Omit all pictures, and print word for word only the lines from the one containing "Decorate your outdoor" through the end of the data.

╭─ DATA SEGMENT

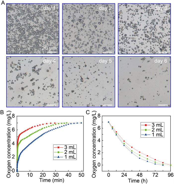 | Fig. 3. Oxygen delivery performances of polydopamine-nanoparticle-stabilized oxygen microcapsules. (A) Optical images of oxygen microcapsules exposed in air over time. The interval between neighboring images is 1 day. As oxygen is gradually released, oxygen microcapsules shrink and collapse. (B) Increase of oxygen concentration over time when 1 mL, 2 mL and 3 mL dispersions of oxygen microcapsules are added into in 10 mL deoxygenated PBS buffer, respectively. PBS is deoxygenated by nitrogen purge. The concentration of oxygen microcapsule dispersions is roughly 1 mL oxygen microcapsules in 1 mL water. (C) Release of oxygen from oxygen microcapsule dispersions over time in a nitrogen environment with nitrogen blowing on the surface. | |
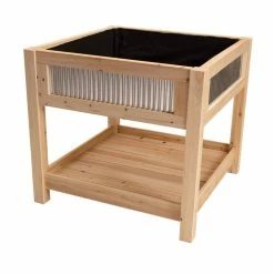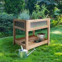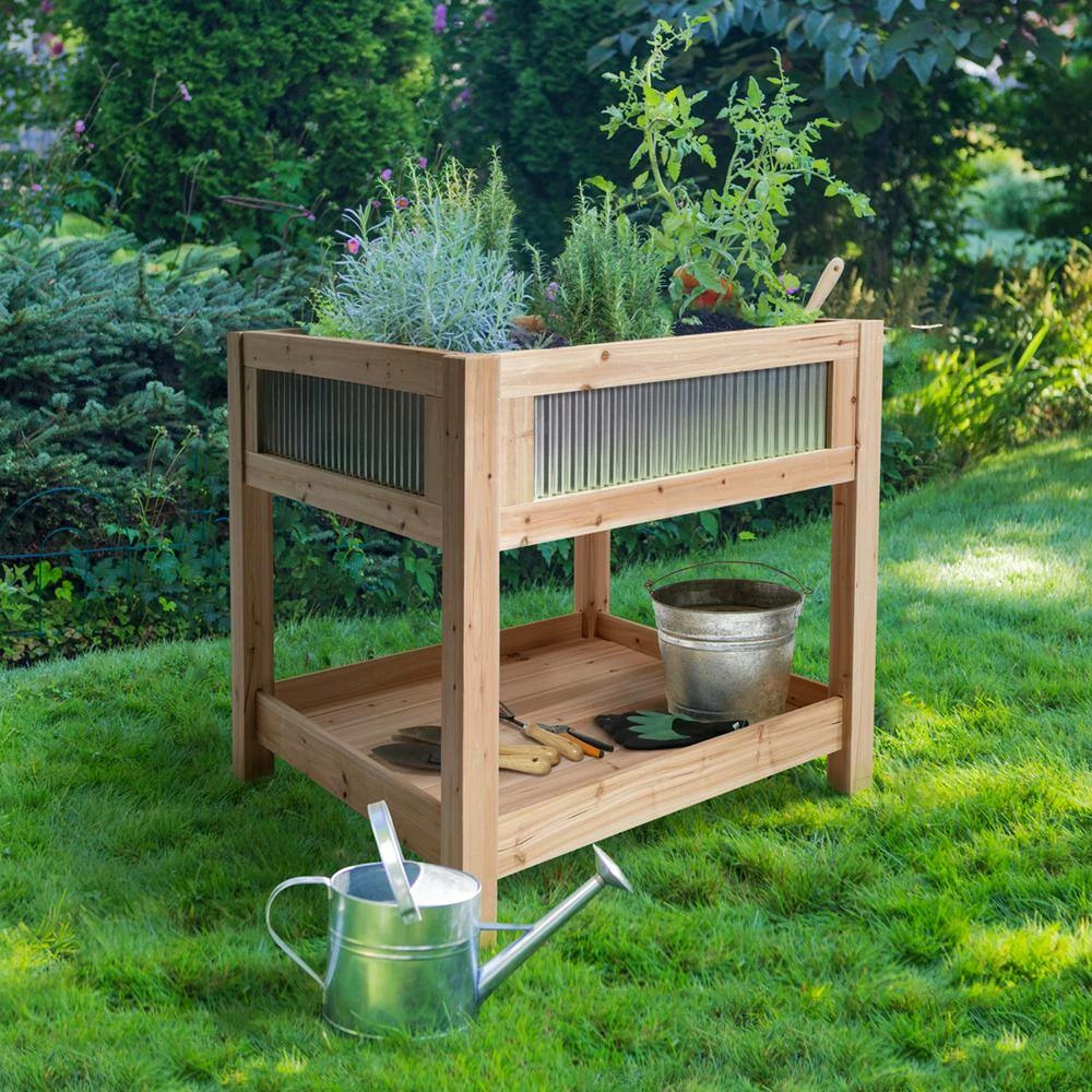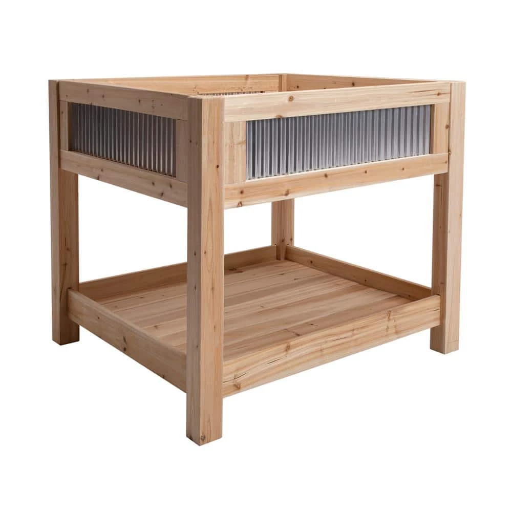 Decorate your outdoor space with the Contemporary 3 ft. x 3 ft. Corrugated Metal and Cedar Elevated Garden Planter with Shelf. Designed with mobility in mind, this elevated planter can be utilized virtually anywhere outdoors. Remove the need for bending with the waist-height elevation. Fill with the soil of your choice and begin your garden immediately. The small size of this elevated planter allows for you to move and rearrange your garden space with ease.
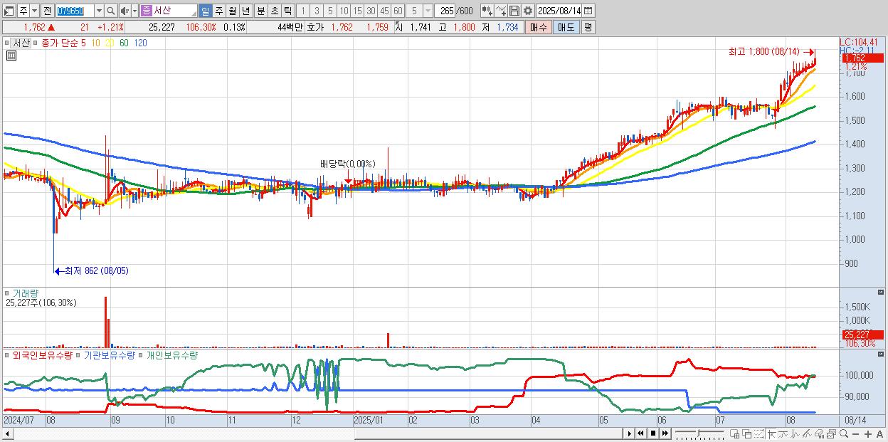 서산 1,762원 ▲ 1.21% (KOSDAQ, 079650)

╰─

TASK SOLUTION:
 Decorate your outdoor space with the Contemporary 3 ft. x 3 ft. Corrugated Metal and Cedar Elevated Garden Planter with Shelf. Designed with mobility in mind, this elevated planter can be utilized virtually anywhere outdoors. Remove the need for bending with the waist-height elevation. Fill with the soil of your choice and begin your garden immediately. The small size of this elevated planter allows for you to move and rearrange your garden space with ease.
 서산 1,762원 ▲ 1.21% (KOSDAQ, 079650)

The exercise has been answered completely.